— В чем же? Почему ты как на похоронах, когда радоваться должна? Какая-нибудь хирургическая ошибка? Уши! — воскликнул он. Поднял руки, но прикоснуться боялся.
— Ушей нет, — еле вымолвила Шурочка.
— Господи! — охнул Васька, боком, как ворона, подпрыгивая к зеркалу. — Да вот же!
В призрачном изумрудном свете уши были хороши! Как новенькие. Без повязок, без йода, без боли. Васька залюбовался:
— Не ожидал. Тонкая работа. Вот новейшая технология! Как, Шуреньчик?
— Удались, — попыталась она улыбнуться. — Славные.
— Да что с тобой, милая? Есть претензии?
— Нет-нет-нет! — Шурочка осторожно обняла его. — Ты все преодолел, дорогой, и я для тебя на все готова.
Но прозвучало это слабо. Было похоже, что они в мертвой зоне, в точке молчания — такие дохловатые, заморенные, сонные выползали слова. То ли обморок и наркоз сказывались…
Васька задремывал. Да, бывает — исполнится желаемое, а счастье, увы, не так огромно. Особенно в тех случаях, когда долго жаждал и алкал — сам путь достижения любопытней цели.
— А Пако? — спросил Васька, укладывая поудобней ослепительный зад. — Будет свидетелем на свадьбе?
— Не знаю, не знаю, где он будет свидетелем, — тихо ответила Шурочка. — Засыпай, милый котик. Утро вечера мудреней.
Полуночные страсти
Все же народные пословицы да поговорки часто попадают пальцем в небо. Может, для кого-то и утро, но для Васьки именно ночь оказалась куда мудреней.
Он спал, исходя изумрудом, как редкая диадема в ювелирном магазине. Шурочка застыла на краешке кровати в думах о грядущем, которое представлялось весьма и весьма темным — глаз полыхает, будто зарница, Пако исчез с ушами, все провалено, и Алексей Степаныч бесспорно примет меры. «Будь что будет, — решила она. — Провались пропадом — надоели сети, хуже редьки!»
В эту полуночную пору, когда активизируются действующие призраки, Илий в удаленной штольне отыскал, наконец, дона Борда. Тот был не в духе, мрачен и тосклив. Без видимого смысла перебирал ржавые оковы, кандалы, шахтерские кирки и черепа.
— Ты, сокровище, меня поражаешь! — порицательно удивился он. — Вижу, нудистом заделался! Небось, за девками ухлестываешь, а о Ваське позабыл. Баста! Одумайся!
Илий рухнул на колени.
— Батюшка, сеньор, всего святого ради, помогите!

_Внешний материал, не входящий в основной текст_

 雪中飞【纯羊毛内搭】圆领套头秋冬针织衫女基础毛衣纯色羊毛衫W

Застрял, батюшка!
— Экий, право, болван, — проворчал дон Борда.
Отбросил кандалы, сверкнувшие чистым золотом, и сурово взглянул на Илия.
— Только ради Васьки. Запоминай! — Прикрыл глаза, потянулся, как спросонок, быстро присел и растворился. — Обычная физкультура, — раздался голос из мрака. — Но при этом необходимо мыслить о мирозданье, с первого этажа до последнего. Не всякий болван способен. Ну, давай!

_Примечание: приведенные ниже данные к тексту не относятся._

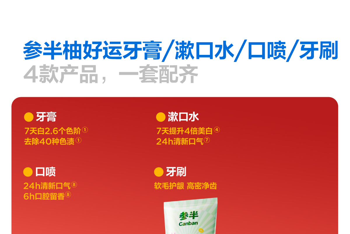 参半旗下产品已覆盖牙膏、漱口水、口腔爆珠、口腔喷雾等多个类目,为用户提供了精细化的口腔护理解决方案。

Илий отчетливо представил мирозданье в виде пирамиды, увитой конструкциями Ле Корбюзье и Василием Блаженным, потянулся, присел и благополучно очистился от призрачного мусора, став невидимым энергетическим копьем. Впрочем, форма зависела от настроения, и сейчас была решительной.
— Сеньор, не знаю, как благодарить!
— Вали, вали к Ваське, пока не поздно, — отозвался дон Борда.
Святая Приска не шутит! Нос вемос! Аста пронто![46]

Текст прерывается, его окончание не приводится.